Public office paid off very nicely when elected officials were able to learn, or just glean, information that would make a stock go up or down and then pad their bank accounts by trading on that information.
One study found that lawmakers were regularly able to get up to a 25 percent annual rate of return on their investments, which either means they were better than the greatest Wall Street stock picker who ever lived — or they were cheating.
The too-good-to-be-true rate of return was uncovered by an investigation of congressional stock trading in 2004 by Professor Alan J. Ziobrowski of Georgia State University and others.
The investigation, presented in the Journal of Financial and Quantitative Analysis of the University of Washington, found that stocks purchased by senators acted normally in the year before the lawmakers bought them — but then gained an average of 25 percent in the year after they were acquired.
“These results suggest that Senators knew appropriate times to both buy and sell their common stocks,” the Ziobrowski report concluded.
That finding came eight years before such actions were made illegal.
Insider trading by members of Congress was supposed to have stopped in 2012. Imagine how much money was made in that time.
Collins was indicted by federal prosecutors Wednesday on fraud charges in connection with an alleged insider-trading scheme involving investments he made in an Australian biotech firm.
In this case, prosecutors say that Collins in 2017 passed information on Innate Immunotherapeutics drugs to his son and another co-conspirator.

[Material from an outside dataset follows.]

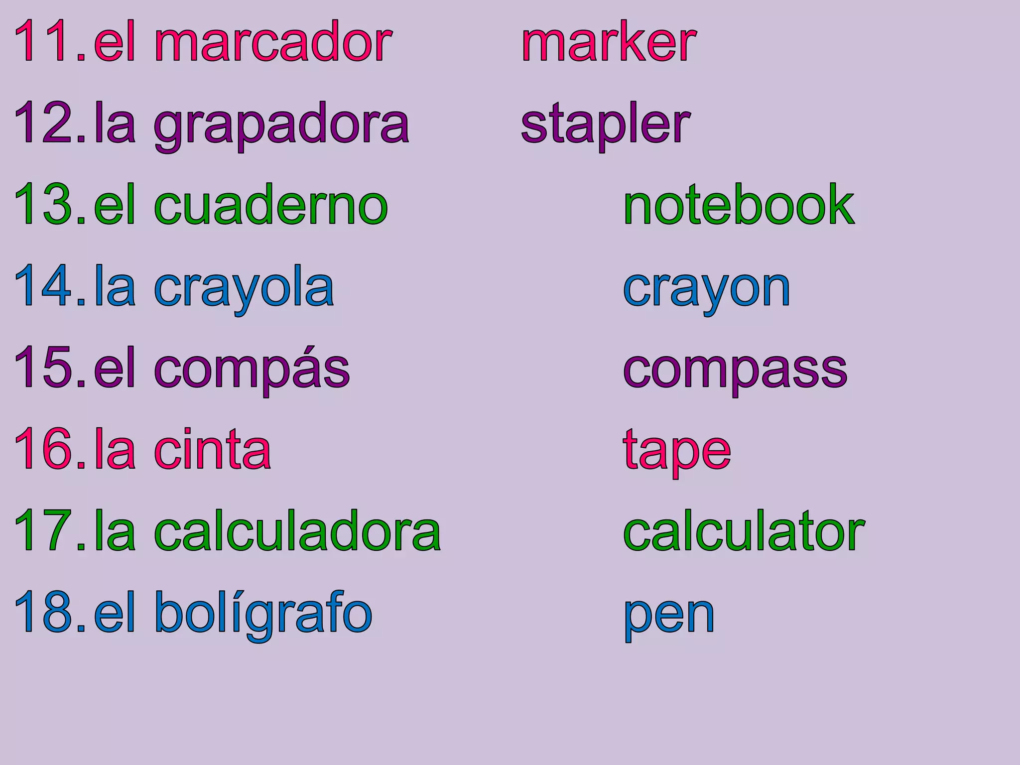 School Supplies Spanish Flashcards | Quizlet School Supplies in Spanish Terms in this set (30) el calendario Calendar el marcador marker la bandera flag la computadora computer el papel paper la regla ruler las tijeras scissors el reloj clock la tiza/el gis chalk el sacapuntas pencil sharpener la calculadora calculator la cola/el pegamento/el resistol glue el diccionario dictionary la clase

The three avoided $768,000 in losses when a drug test didn’t live up to expectations and the company’s stock plummeted.
Everything Collins did, according to a good-government group, would have been OK until 2012, when President Barack Obama signed the Stop Trading on Congressional Knowledge (STOCK) Act.
Congress soon undid part of that law, but there was enough of the new regulations in place to bag Collins, who is 68 years old and represents parts of upstate New York.

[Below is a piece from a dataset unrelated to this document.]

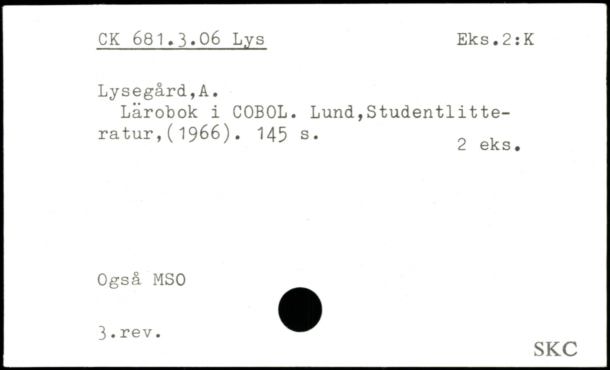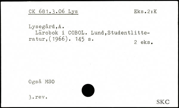 Lärobok i COBOL. Lund,Studentlitte- ratur,(1966).

Ironically, 2012 was the year that Collins was first elected to Congress. He was re-elected in 2016, but his indictment puts his solidly Republican seat in some jeopardy if he is convicted and kicked out of office.
Collins was undone by sleuthing by the good-government group known as Public Citizen, which was tracking the stock-buying of many members of Congress. In a letter to regulators on Jan. 5, 2017, Public Citizen wrote, “we request an investigation into the stock market trading activities of Reps. Tom Price (R.Ga.) and Chris Collins (R. N.Y.) for possible violations of insider trading and conflicts of interest laws and regulations.”
The action against Collins and the others was brought by the Justice Department, not the Securities and Exchange Commission.
I spoke on Wednesday with Craig Holman, a lobbyist for Public Citizen and one of two people who signed the letter to the SEC that detailed Price’s and Collins’ alleged actions.
Holman said he doesn’t know what is happening to the complaint against Price, who left Congress to join the Trump administration. Price has since quit, under pressure, as President Trump’s secretary of health and human services.